Fastest way to zero out a 2d array in C?

Question

I want to repeatedly zero a large 2d array in C. This is what I do at the moment:

// Array of size n * m, where n may not equal m for(j = 0; j < n; j++) {     for(i = 0; i < m; i++)     {           array[i][j] = 0;     } } 

I've tried using memset:

memset(array, 0, sizeof(array)) 

But this only works for 1D arrays. When I printf the contents of the 2D array, the first row is zeroes, but then I got a load of random large numbers and it crashes.

Answer 1

memset(array, 0, sizeof(array[0][0]) * m * n); 

Where m and n are the width and height of the two-dimensional array (in your example, you have a square two-dimensional array, so m == n).

Answer 2

If array is truly an array, then you can "zero it out" with:

memset(array, 0, sizeof array); 

But there are two points you should know:

• this works only if array is really a "two-d array", i.e., was declared T array[M][N]; for some type T.
• it works only in the scope where array was declared. If you pass it to a function, then the name array decays to a pointer, and sizeof will not give you the size of the array.

Let's do an experiment:

#include <stdio.h>  void f(int (*arr)[5]) {     printf("f:    sizeof arr:       %zu\n", sizeof arr);     printf("f:    sizeof arr[0]:    %zu\n", sizeof arr[0]);     printf("f:    sizeof arr[0][0]: %zu\n", sizeof arr[0][0]); }  int main(void) {     int arr[10][5];     printf("main: sizeof arr:       %zu\n", sizeof arr);     printf("main: sizeof arr[0]:    %zu\n", sizeof arr[0]);     printf("main: sizeof arr[0][0]: %zu\n\n", sizeof arr[0][0]);     f(arr);     return 0; } 

On my machine, the above prints:

main: sizeof arr:       200 main: sizeof arr[0]:    20 main: sizeof arr[0][0]: 4  f:    sizeof arr:       8 f:    sizeof arr[0]:    20 f:    sizeof arr[0][0]: 4 

Even though arr is an array, it decays to a pointer to its first element when passed to f(), and therefore the sizes printed in f() are "wrong". Also, in f() the size of arr[0] is the size of the array arr[0], which is an "array [5] of int". It is not the size of an int *, because the "decaying" only happens at the first level, and that is why we need to declare f() as taking a pointer to an array of the correct size.

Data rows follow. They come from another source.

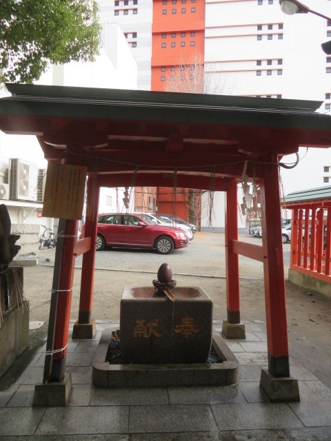 住吉神社と同じく、赤を基調としていて、華やかな雰囲気のする神社です。珍しいことは、手鉢の水の出てくるところが子安貝ということです。子安貝は、子宝、安産のお守りとして、古来より大切にされてきたので、子宝、安産祈願はこちらにどうぞ。
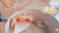 另起一口炒锅,倒入5ml橄榄油,倒入虾头,爆炒后将虾头盛出,留下虾油。(之前留着的虾头就是用来熬虾油的!熬出虾油的虾头就没有价值啦!可以和它说拜拜了!用虾油炒出来的菜会香很多!而且不浪费~)
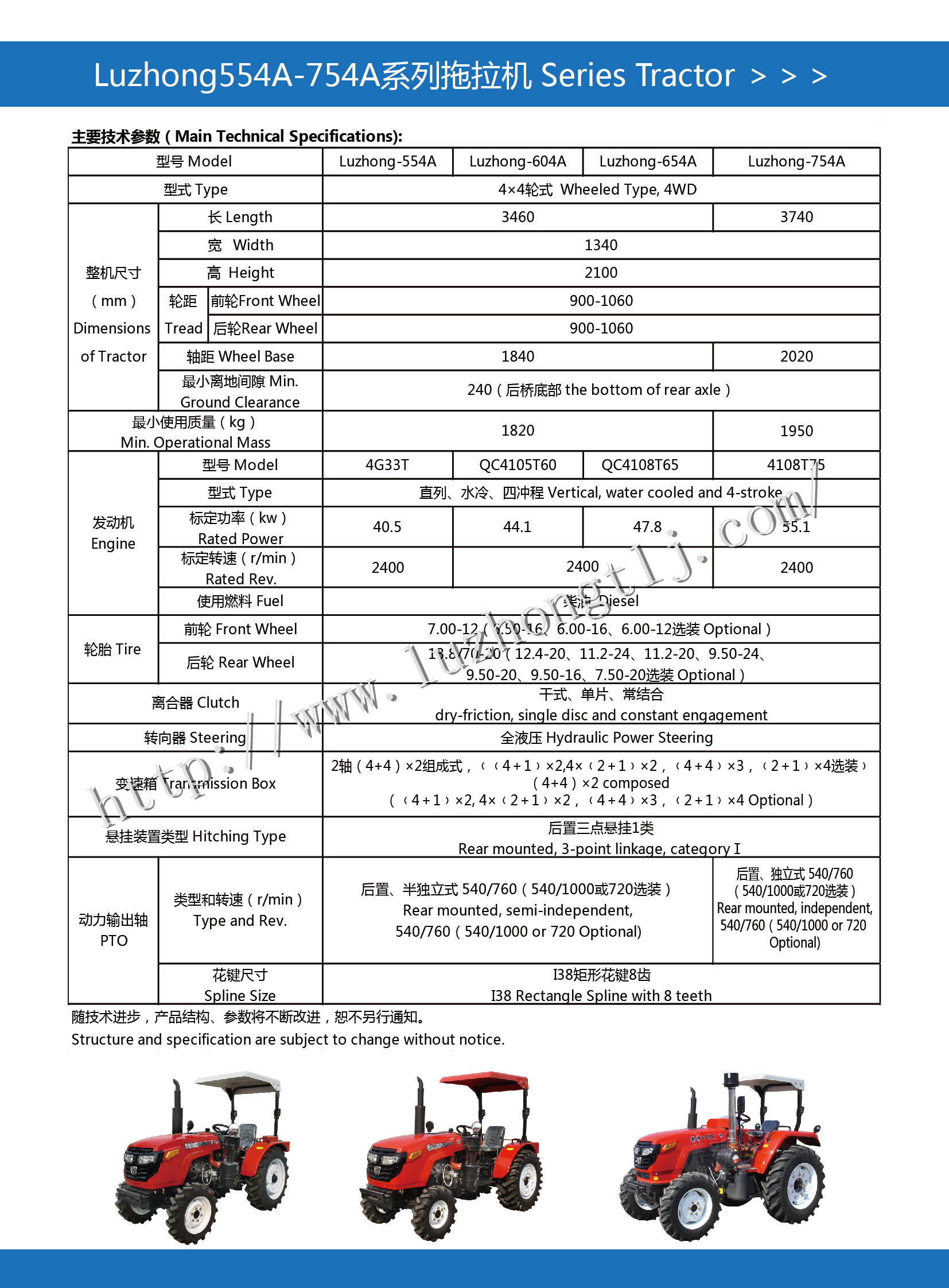 匹配60馬力國內(nèi)名優(yōu)國三發(fā)動機(jī),排放升級,油耗低,扭力儲備大,動力強(qiáng)勁。超短軸距設(shè)計(jì),標(biāo)配可調(diào)方向盤,操縱更靈活,液壓獨(dú)立供油,全液壓獨(dú)立轉(zhuǎn)向,轉(zhuǎn)彎半徑小。采用雙作用離合器,8+4檔中拖底盤,可選裝側(cè)變速掛檔,爬行檔,梭式換檔,檔位匹配合理。可選裝強(qiáng)壓提升器,提升力大,提升速度快,可靠性更高,可選裝雙輪胎,增加驅(qū)動力。全新流線型雕塑機(jī)罩,外形更美觀。應(yīng)用廣泛,可滿足大棚、林果業(yè)、普通農(nóng)田等地域的耕種需求。
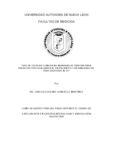 “Uso de escalas clínicas no invasivas de fibrosis para predecir etiología variceal en pacientes con sangrado de tubo digestivo alto".
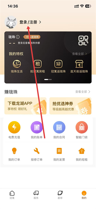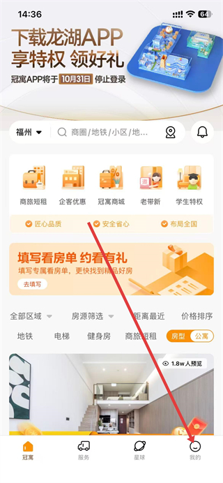 1、打开冠寓app,点击底部导航栏最右侧我的选项。
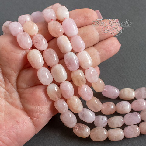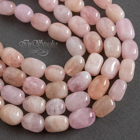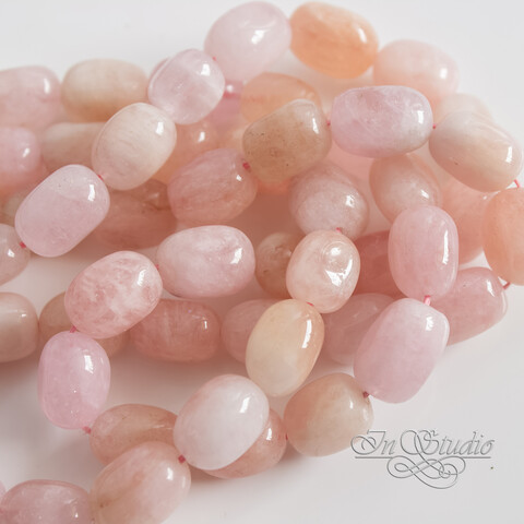 Морганит природный 12-15 мм бусины галтовка фриформ
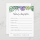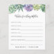 あなたのシャワーのゲストがあなたの赤ちゃんシャワーでベビーカードのためのこれらの愛らしい願いを記入する。水色の緑と紫の多肉植物を特徴とする。Mommy-to-beの名前とシャワーの日付でパーソナライズ。
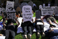 Demonstrator lay on the ground during a "die in" protest over
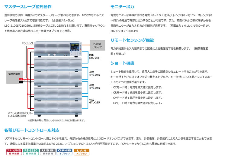 負荷容量が175W、350W、1050Wと2100Wブースターの4機種を150Vシリーズ、800Vシリーズの2系統ラインナップしました。1050W機種をマスター機として、2100Wブースターを最大4台まで増設、合計9.45kWまでの対応が可能です。CC、CV、CR、CPをベースにCC+CV、CR+CV、CP+CVの7モードに対応します。外部からの制御用に、外部アナログコントロール、USB、RS-232Cを標準装備。GP-IBは、別売オプションとなります。

So, as I said, what you were doing originally will work only if the two conditions above are satisfied. If not, you will need to do what others have said:

memset(array, 0, m*n*sizeof array[0][0]); 

Finally, memset() and the for loop you posted are not equivalent in the strict sense. There could be (and have been) compilers where "all bits zero" does not equal zero for certain types, such as pointers and floating-point values. I doubt that you need to worry about that though.